Your assignment =>
What you produce should match the records exactly, line for line.

Supplied records =>
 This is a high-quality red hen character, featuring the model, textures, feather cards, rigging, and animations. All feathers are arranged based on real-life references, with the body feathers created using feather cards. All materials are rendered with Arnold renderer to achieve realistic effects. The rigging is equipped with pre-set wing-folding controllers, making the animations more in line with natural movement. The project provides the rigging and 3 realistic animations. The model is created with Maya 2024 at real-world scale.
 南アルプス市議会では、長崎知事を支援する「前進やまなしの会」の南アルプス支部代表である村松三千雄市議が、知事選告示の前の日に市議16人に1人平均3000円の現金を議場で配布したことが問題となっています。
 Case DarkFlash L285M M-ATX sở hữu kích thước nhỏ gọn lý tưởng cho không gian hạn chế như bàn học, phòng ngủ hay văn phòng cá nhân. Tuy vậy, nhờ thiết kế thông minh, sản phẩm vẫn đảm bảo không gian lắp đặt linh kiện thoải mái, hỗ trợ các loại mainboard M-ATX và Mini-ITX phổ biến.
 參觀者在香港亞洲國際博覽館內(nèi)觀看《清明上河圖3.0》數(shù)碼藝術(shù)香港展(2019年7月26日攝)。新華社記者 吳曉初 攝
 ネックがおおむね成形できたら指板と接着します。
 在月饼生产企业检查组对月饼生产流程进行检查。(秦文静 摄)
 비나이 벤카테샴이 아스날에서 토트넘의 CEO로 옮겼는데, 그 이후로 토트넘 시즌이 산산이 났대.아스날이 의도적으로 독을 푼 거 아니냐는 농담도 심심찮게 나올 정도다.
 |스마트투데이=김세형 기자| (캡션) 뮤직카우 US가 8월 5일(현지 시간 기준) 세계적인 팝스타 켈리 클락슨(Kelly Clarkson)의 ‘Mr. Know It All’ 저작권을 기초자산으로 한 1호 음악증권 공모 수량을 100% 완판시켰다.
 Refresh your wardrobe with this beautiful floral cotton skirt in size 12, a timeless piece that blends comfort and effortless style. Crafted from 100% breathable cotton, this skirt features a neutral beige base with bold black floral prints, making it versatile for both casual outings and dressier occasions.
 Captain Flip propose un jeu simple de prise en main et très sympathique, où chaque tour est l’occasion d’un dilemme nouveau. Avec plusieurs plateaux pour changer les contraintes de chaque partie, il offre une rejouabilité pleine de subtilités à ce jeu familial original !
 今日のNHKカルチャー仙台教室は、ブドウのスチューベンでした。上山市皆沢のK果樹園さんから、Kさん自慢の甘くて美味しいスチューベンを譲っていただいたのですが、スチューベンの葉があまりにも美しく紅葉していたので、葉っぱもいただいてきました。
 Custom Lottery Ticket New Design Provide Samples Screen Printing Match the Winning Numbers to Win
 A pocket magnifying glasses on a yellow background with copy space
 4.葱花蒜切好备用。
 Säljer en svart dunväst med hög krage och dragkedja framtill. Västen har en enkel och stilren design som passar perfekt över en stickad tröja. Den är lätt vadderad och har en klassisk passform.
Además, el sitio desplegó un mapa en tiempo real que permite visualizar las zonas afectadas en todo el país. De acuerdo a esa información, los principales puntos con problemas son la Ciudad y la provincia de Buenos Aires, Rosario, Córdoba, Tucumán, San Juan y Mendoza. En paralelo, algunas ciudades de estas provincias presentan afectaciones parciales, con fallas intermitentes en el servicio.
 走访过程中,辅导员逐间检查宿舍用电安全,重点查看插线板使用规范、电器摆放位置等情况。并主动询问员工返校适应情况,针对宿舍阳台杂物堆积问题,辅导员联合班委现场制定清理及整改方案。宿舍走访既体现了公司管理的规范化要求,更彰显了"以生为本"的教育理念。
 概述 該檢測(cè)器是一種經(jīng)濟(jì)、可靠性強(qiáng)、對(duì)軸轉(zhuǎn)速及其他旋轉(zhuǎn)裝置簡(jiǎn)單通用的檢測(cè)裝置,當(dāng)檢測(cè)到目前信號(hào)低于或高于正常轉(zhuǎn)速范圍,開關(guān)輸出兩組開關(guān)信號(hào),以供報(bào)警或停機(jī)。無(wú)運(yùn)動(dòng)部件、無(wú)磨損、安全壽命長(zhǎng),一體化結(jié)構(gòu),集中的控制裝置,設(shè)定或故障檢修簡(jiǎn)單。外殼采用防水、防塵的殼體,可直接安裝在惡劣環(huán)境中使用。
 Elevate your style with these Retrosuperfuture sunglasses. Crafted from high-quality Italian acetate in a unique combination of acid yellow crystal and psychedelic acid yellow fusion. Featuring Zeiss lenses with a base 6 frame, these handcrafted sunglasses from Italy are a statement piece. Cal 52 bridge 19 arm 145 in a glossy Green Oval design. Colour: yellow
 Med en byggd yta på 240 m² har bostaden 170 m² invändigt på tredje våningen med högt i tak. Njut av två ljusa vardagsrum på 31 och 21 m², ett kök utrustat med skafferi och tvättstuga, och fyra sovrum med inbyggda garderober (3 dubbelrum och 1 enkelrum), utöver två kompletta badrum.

Response to the task =>
 This is a high-quality red hen character, featuring the model, textures, feather cards, rigging, and animations. All feathers are arranged based on real-life references, with the body feathers created using feather cards. All materials are rendered with Arnold renderer to achieve realistic effects. The rigging is equipped with pre-set wing-folding controllers, making the animations more in line with natural movement. The project provides the rigging and 3 realistic animations. The model is created with Maya 2024 at real-world scale.
 南アルプス市議会では、長崎知事を支援する「前進やまなしの会」の南アルプス支部代表である村松三千雄市議が、知事選告示の前の日に市議16人に1人平均3000円の現金を議場で配布したことが問題となっています。
 Case DarkFlash L285M M-ATX sở hữu kích thước nhỏ gọn lý tưởng cho không gian hạn chế như bàn học, phòng ngủ hay văn phòng cá nhân. Tuy vậy, nhờ thiết kế thông minh, sản phẩm vẫn đảm bảo không gian lắp đặt linh kiện thoải mái, hỗ trợ các loại mainboard M-ATX và Mini-ITX phổ biến.
 參觀者在香港亞洲國際博覽館內(nèi)觀看《清明上河圖3.0》數(shù)碼藝術(shù)香港展(2019年7月26日攝)。新華社記者 吳曉初 攝
 ネックがおおむね成形できたら指板と接着します。
 在月饼生产企业检查组对月饼生产流程进行检查。(秦文静 摄)
 비나이 벤카테샴이 아스날에서 토트넘의 CEO로 옮겼는데, 그 이후로 토트넘 시즌이 산산이 났대.아스날이 의도적으로 독을 푼 거 아니냐는 농담도 심심찮게 나올 정도다.
 |스마트투데이=김세형 기자| (캡션) 뮤직카우 US가 8월 5일(현지 시간 기준) 세계적인 팝스타 켈리 클락슨(Kelly Clarkson)의 ‘Mr. Know It All’ 저작권을 기초자산으로 한 1호 음악증권 공모 수량을 100% 완판시켰다.
 Refresh your wardrobe with this beautiful floral cotton skirt in size 12, a timeless piece that blends comfort and effortless style. Crafted from 100% breathable cotton, this skirt features a neutral beige base with bold black floral prints, making it versatile for both casual outings and dressier occasions.
 Captain Flip propose un jeu simple de prise en main et très sympathique, où chaque tour est l’occasion d’un dilemme nouveau. Avec plusieurs plateaux pour changer les contraintes de chaque partie, il offre une rejouabilité pleine de subtilités à ce jeu familial original !
 今日のNHKカルチャー仙台教室は、ブドウのスチューベンでした。上山市皆沢のK果樹園さんから、Kさん自慢の甘くて美味しいスチューベンを譲っていただいたのですが、スチューベンの葉があまりにも美しく紅葉していたので、葉っぱもいただいてきました。
 Custom Lottery Ticket New Design Provide Samples Screen Printing Match the Winning Numbers to Win
 A pocket magnifying glasses on a yellow background with copy space
 4.葱花蒜切好备用。
 Säljer en svart dunväst med hög krage och dragkedja framtill. Västen har en enkel och stilren design som passar perfekt över en stickad tröja. Den är lätt vadderad och har en klassisk passform.
Además, el sitio desplegó un mapa en tiempo real que permite visualizar las zonas afectadas en todo el país. De acuerdo a esa información, los principales puntos con problemas son la Ciudad y la provincia de Buenos Aires, Rosario, Córdoba, Tucumán, San Juan y Mendoza. En paralelo, algunas ciudades de estas provincias presentan afectaciones parciales, con fallas intermitentes en el servicio.
 走访过程中,辅导员逐间检查宿舍用电安全,重点查看插线板使用规范、电器摆放位置等情况。并主动询问员工返校适应情况,针对宿舍阳台杂物堆积问题,辅导员联合班委现场制定清理及整改方案。宿舍走访既体现了公司管理的规范化要求,更彰显了"以生为本"的教育理念。
 概述 該檢測(cè)器是一種經(jīng)濟(jì)、可靠性強(qiáng)、對(duì)軸轉(zhuǎn)速及其他旋轉(zhuǎn)裝置簡(jiǎn)單通用的檢測(cè)裝置,當(dāng)檢測(cè)到目前信號(hào)低于或高于正常轉(zhuǎn)速范圍,開關(guān)輸出兩組開關(guān)信號(hào),以供報(bào)警或停機(jī)。無(wú)運(yùn)動(dòng)部件、無(wú)磨損、安全壽命長(zhǎng),一體化結(jié)構(gòu),集中的控制裝置,設(shè)定或故障檢修簡(jiǎn)單。外殼采用防水、防塵的殼體,可直接安裝在惡劣環(huán)境中使用。
 Elevate your style with these Retrosuperfuture sunglasses. Crafted from high-quality Italian acetate in a unique combination of acid yellow crystal and psychedelic acid yellow fusion. Featuring Zeiss lenses with a base 6 frame, these handcrafted sunglasses from Italy are a statement piece. Cal 52 bridge 19 arm 145 in a glossy Green Oval design. Colour: yellow
 Med en byggd yta på 240 m² har bostaden 170 m² invändigt på tredje våningen med högt i tak. Njut av två ljusa vardagsrum på 31 och 21 m², ett kök utrustat med skafferi och tvättstuga, och fyra sovrum med inbyggda garderober (3 dubbelrum och 1 enkelrum), utöver två kompletta badrum.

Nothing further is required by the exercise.